Molecular diagnostics

Microbiological food safety is highly dependent on food sampling and analysis for presence of harmful microorganisms, bacteria and viruses. However, conventional methods based on culture and biochemical characterisation of pathogenic bacteria are usually slow and laborious.  

Consequently, there is a strong wish in the food industry to replace these methods with rapid, robust and cost-effective molecular methods. By using such methods, the food producing companies can quickly determine, via their own control procedure, that their products are free of pathogens, and thereby reduce the time in quarantine or reduce the costs of own control.

The public food inspection authorities also need rapid detection methods for pathogens or specific genes to allow them to take rapid action, e.g. banning and withdrawing specific contaminated products from the market. 

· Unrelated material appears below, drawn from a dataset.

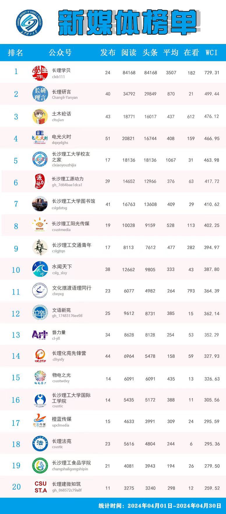 校属单位微信公众号排名(2024年4月)
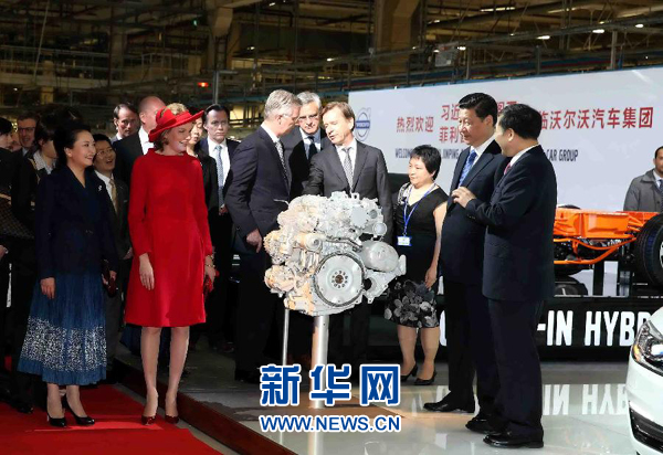 ????4月1日,國家主席習(xí)近平在比利時國王菲利普陪同下參觀沃爾沃汽車公司根特工廠。這這是習(xí)近平和菲利普國王共同為公司出口中國的第30萬輛汽車揭幕。 新華社記者 姚大偉 攝

The faster harmful microorganisms can be detected in food, the faster action can be taken, and the faster the authorities can take a product off the market, and the fewer consumers will get sick.

Rapid and robust laboratory methods are therefore an advantage for the food industry, food authorities and consumers.

A prerequisite for using such rapid methods is that they have been properly validated against conventional methods and have been demonstrated to be equally good or better.

The National Food Institute, Technical University of Denmark works on developing new rapid, cost-effective methods to detect bacteria and viruses in food, feed and primary production.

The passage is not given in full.